BRIEF >> Lower down are entries containing pictures. Copy exactly, without those pictures, the lines from the line with "第一个环节,由系主任杨荣介绍" through the line with "Massive backyardCorner lotMaster".

DATASET EXCERPTS >>
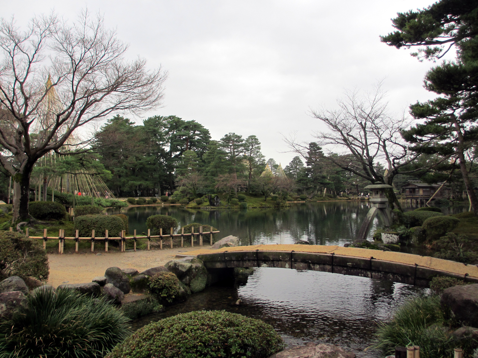 9連休もあるとなると、家でいると倦んでしまいそうで、 12月入ってから思い立って旅行の計画を立てました。 立て始めて知ったのですが、そんなに高くない。 たぶん、もともと高い旅館などは、より高くなるのかもしれないけど、 私が泊まるようなビジネスホテルはお正月はお客が少なくなるからかむしろ安い。 せっかく時間があるので、移動に時間をかけて遠くまで行こう。 雪が見たい!雪が見たいね! ということで、なんとなく北陸に決定。 夜行バスを使って1泊分稼ごう(稼ぐ?)という魂胆があるため、 大阪or神戸or香川から夜行バスが走っているところ、というのも大きな要素。 【大晦日】 出発 ↓ JR:定期使用 高松 ↓ フェリー 三宮 ↓ JR 大阪 ↓ 夜行バス 【元日】 金沢着。 雨だよーーー。 アパホテルで温泉を利用。通常は1,000円のところ、ネットで割引券を発見、600円。 簡易な露天風呂もあり、休憩スペースもあり。バスタオルや室内着も貸してくれた。 ネットで見ていた露天風呂の写真、これはどうやら男性側のようで女性側はだいぶしょぼかった。 最初はアパホテルに宿泊することも考えていたのですが、やめてよかった。 600円の一時利用なら、その価値はありました。休めたし。 まちのりというレンタサイクルを利用して、市内観光。 1日200円で、1回30分以内なら利用し放題、というサービス。 しかし、サイクルポートの場所がわかりづらく、 貸出可能台数にも限度があるため使いづらかった。 30分以内、という制約がけっこうきついわ。 でも、200円支払ったからには、もう絶対バスなんか乗るか!という気になり、 最後まで自転車を使い続けました。 雨は降ったりやんだり。 尾山神社で初詣を済ませ、 兼六園に行き、 金沢城公園に行き、 にし茶屋街に行き、 でも、正月なのでどこも開いてなかった。 ホテルでチェックインしてから、 金沢駅隣接の金沢百番街という観光客向けのショッピングモールで昼食。(15時過ぎ) 夕食の買物をして、ホテルに戻り1日めはおしまい。 宿泊はキャッスルイン金沢というホテル。 3,700円からさらに楽天トラベルの500円分のクーポンを使って3,200円。 大浴場付で非常にお得でした。 ★兼六園 雪が見られなかったのが残念でした。 雪の兼六園を見たかった。 雪のない兼六園はふつうの日本庭園で、 これだったら玉藻公園(高松市)でも構わないぜ!
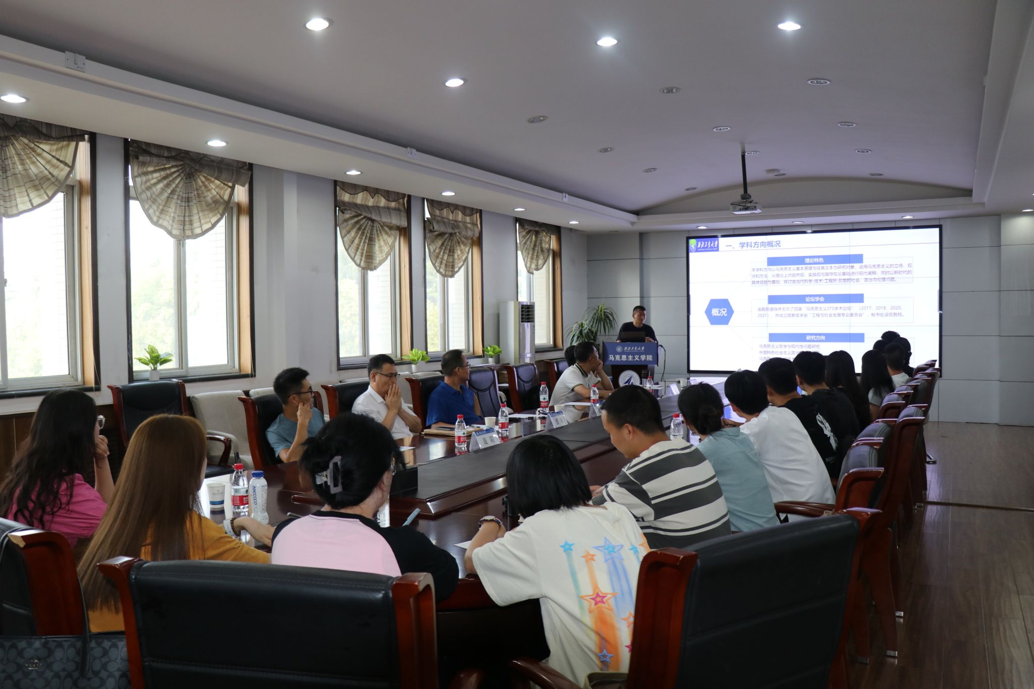 第一个环节,由系主任杨荣介绍马原系基本情况,主要从学科方向、论坛协会和科研成果三个方面详细介绍了本系老师的研究方向和取得的丰硕成果。
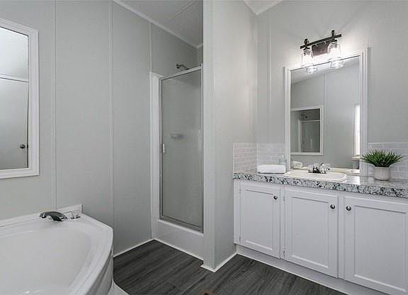 Massive backyardCorner lotMaster suiteWalk-in showerCorner garden tubClassic white kitchen cabinetsNew ceramic subway tile
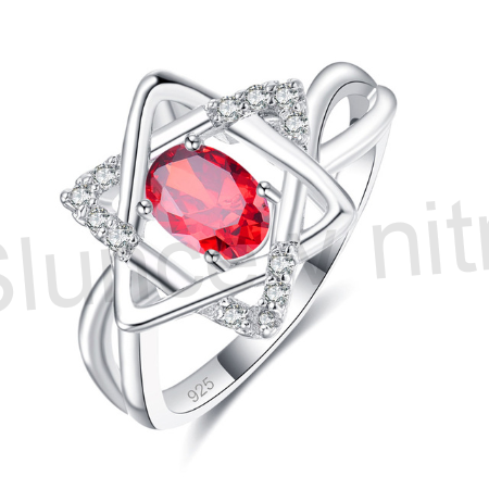 Krásný postříbřený prsten s broušeným granátem ve tvaru hvězdy a bílými topazy nejvyšší kvality. Prsten má nepřehlédnutelný třpytivý vzhled. Krásný třpytivý šperk s čirým kamenem nejvyší kvality, jehož krása je zdůrazněna dopadem světla na jednotlivé plošky výbrusu, vhodný pro různé příležitosti, svatby,zásnuby, dar. Rhodium dodavá šperkům luxusní vzhled a zárověn chraní před jeho přirozenou oxidací. Prsten má celkem 9 kamenů. Prsten je dodělávan ručně, každý je originální.
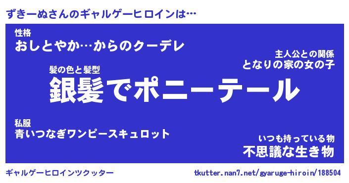 | 男性向けラノベタイトル風あだ名 | 『ずきーぬの憂鬱』 |
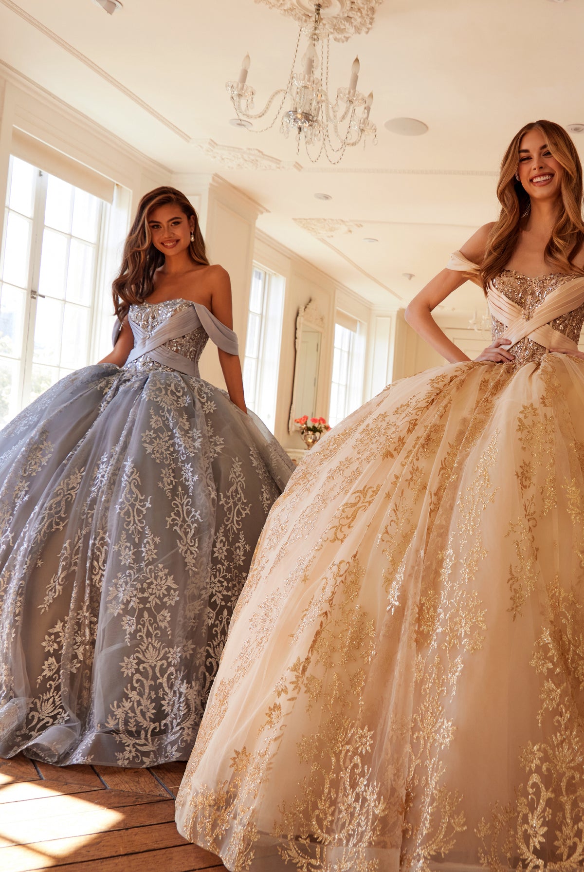 Discover breathtaking v-neck floral styles that command attention at galas, or embrace timeless beauty with our off-shoulder silhouettes. Expert beadwork adorns many pieces, while strategic cuts ensure perfect fits for all body types.

EXERCISE OUTPUT >>
 第一个环节,由系主任杨荣介绍马原系基本情况,主要从学科方向、论坛协会和科研成果三个方面详细介绍了本系老师的研究方向和取得的丰硕成果。
 Massive backyardCorner lotMaster suiteWalk-in showerCorner garden tubClassic white kitchen cabinetsNew ceramic subway tile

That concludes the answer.